Taking seriously the independent living system approach implies that we must make as few assumptions about the `outside world' as we reasonably can, and be as self-reliant as we can. This caution extends through all levels of the system and along multiple dimensions. One approach would simply avoid all external influences, but when it comes to communications and communications risk, fundamentally we are damned if we do and damned if we don't: We might have had warning of a threat in time to avoid it, had we been allowing external factors to affect system behavior.
Most work in computer-based communication has focused on efficiency and power rather than safety. High-speed communications protocols, for example, can now supply data as fast or faster than most processes are ready to digest it, and even the ubiquitous TCP/IP internet protocol requires reacting to a connection attempt even just to ignore it, leading in part to the `denial of service' attacks currently occurring on the internet. Similarly, nearly all software for personal computers focuses heavily on adding ever more programmed abilities and `features,' even as automated network access is woven more deeply into the system rather than being more isolated, with the predictable results that your own computer's processing and data can be stolen out from underneath you by anyone simply by `speaking' to your machine in particular ways.
Natural living systems have a large variety of mechanisms for evaluating interactions, assigning degrees of trust, and allowing only limited influences in proportion to estimated risk.
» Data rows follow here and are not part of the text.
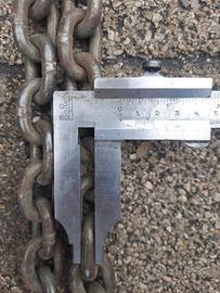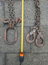 Catena usata per sollevamento a due bracci con ganci Clevis e accorciatori catena grado 8. Realizzata in Italia con acciaio di alta qualità, non cinese. Vedi foto. Lunghezza catene compreso ganci 5mt. Anelli di 8 mm di diametro. Portata 2,8 t. Vendo per 150 euro. No spedizione solo ritiro.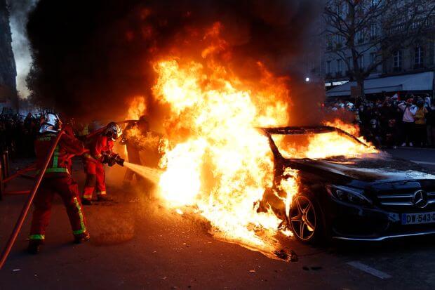 Yasa tasarısına ve polis şiddetine karşı pankart taşıyan göstericiler, Fransa Cumhurbaşkanı Emmanuel Macron'un istifası için sloganlar attı. Bastille Meydanı'nda bulunan Merkez Bankası, bir grup gösterici tarafından ateşe verildi. Alevler binanın içine girmese de bankanın çevresinde bukunan gazete büfesi, bar ve kafe alev aldı. Tansiyon yükselince göstericiler pek çok aracı ateşe verdi.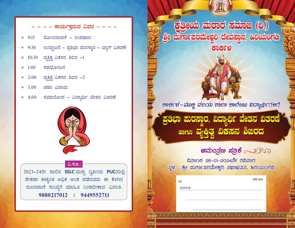 ಕ್ಷತ್ರೀಯ ಮರಾಠ ಸಮಾಜ ರಿ ಕಾರ್ಕಳ ಇದರ ಆಶ್ರಯದಲ್ಲಿ ಕಾರ್ಕಳ ಮುಲ್ಕಿ ವಲಯ ಸಮಾಜ ಬಂಧುಗಳಿಗೆ ಪ್ರತಿಭಾ ಪುರಸ್ಕಾರ, ಬ್ಯಾಗ್ ಮತ್ತು ವಿದ್ಯಾರ್ಥಿ ವೇತನ ವಿತರಣೆ ಹಾಗೂ ವ್ಯಕ್ತಿತ್ವ ವಿಕಸನ ಶಿಬಿರ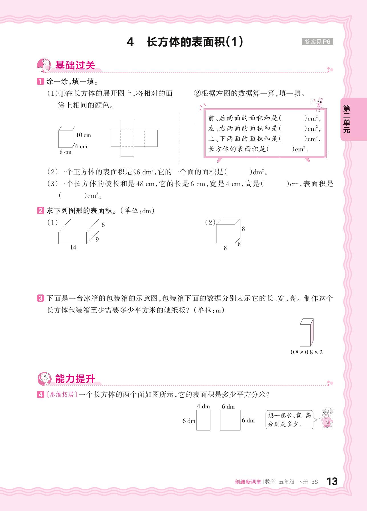 2024春下册五年级数学北师版 第二单元 长方体(一)——4. 长方体的表面积(1)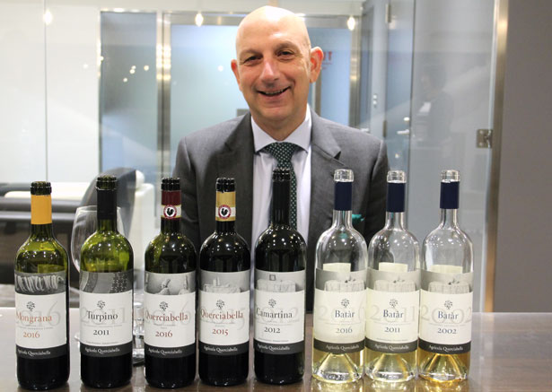 | クエルチャベッラは、エレガントなスーパートスカンを造るため、ジャコモタキスの勧めに従いキャンティクラシコの中でももっとも標高の高いグレーヴェインキャンティのルッフォリで1974年に創業したワイナリーです。カマルティーナ、バタールという赤白のスーパートスカンをリリースしてすぐに世界的評価を獲得。さらに2代目当主セバスティアーノがビオディナミとビーガンに舵を切り、クエルチャベッラのスタイルはますますエレガントで洗練されたものになりました。ワイナリー設立から発展の経緯、そしてワイン造りポリシーについて輸出部長ジョルジョフラジャコモ氏にお話しを聞きました。 |
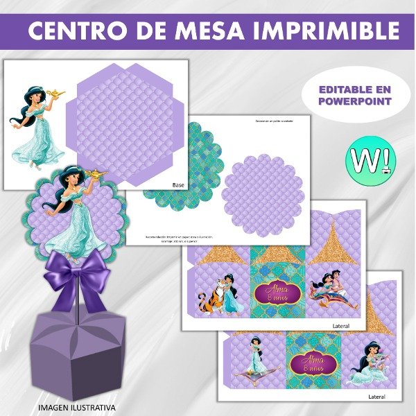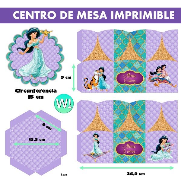 Kit Imprimible Caja Hexagonal Centro De Mesa Jasmine Aladdín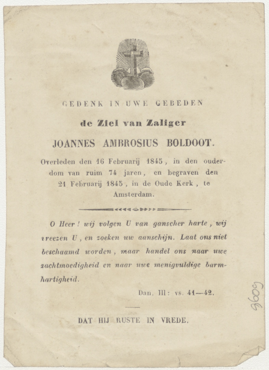 Allerheiligen (Frans), kz. Bid voor ziel Boldoot (+1845) Amsterdam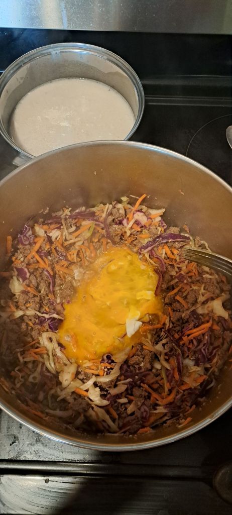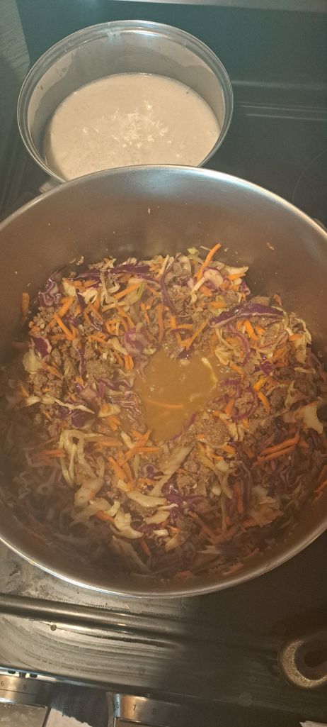 - Once the meat is cooked through, turn heat down to low/med, add the carrots, coleslaw mix, and soy sauce. Cook until the cabbage begins to soften – about 7-10 minutes.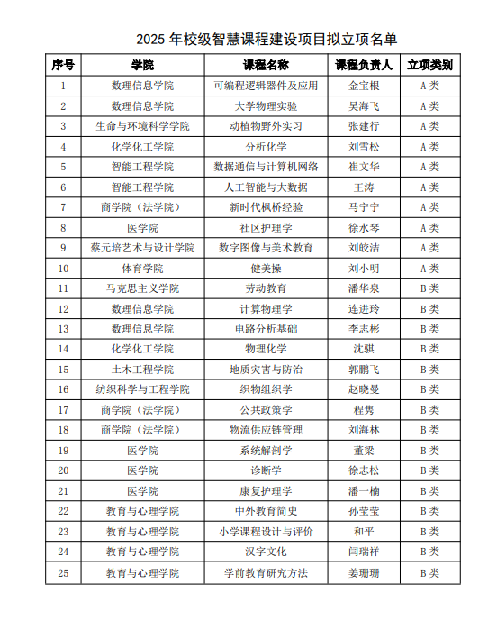 经教师个人申报、学院推荐、学校专家组评审,学校拟立项“中外教育简史”等25门课程为2025年校级智慧课程建设项目,教育与心理学院共有四门课程被推荐立项(推荐名单请见附件)。详见校网通知《关于2025年校级智慧课程建设项目立项名单的公示》https://info.usx.edu.cn/content.jsp?urltype=news.NewsContentUrl&wbtreeid=1002&wbnewsid=71549

Complex chemical signals and hard-to-duplicate bird songs, for example, increase confidence that messages are genuine; between ccr worlds cryptography serves that purpose, among others, helping on the one hand to establish identity and increasing (in particular) the sender's cost to generate a valid message on the other hand.
Ritualized interactions such as mating behaviors allow gradual and mutual stepping-up of trust and acceptable risk as confidence in identities and intentions grows. A ccr world wishing to communicate, likewise, engages in protocols designed to capture as much of the value of communication as possible while exposing the world to as little risk as possible. Here, we describe a few of those protocols and mechanisms, to provide concrete examples of living computation design strategies in artificial systems.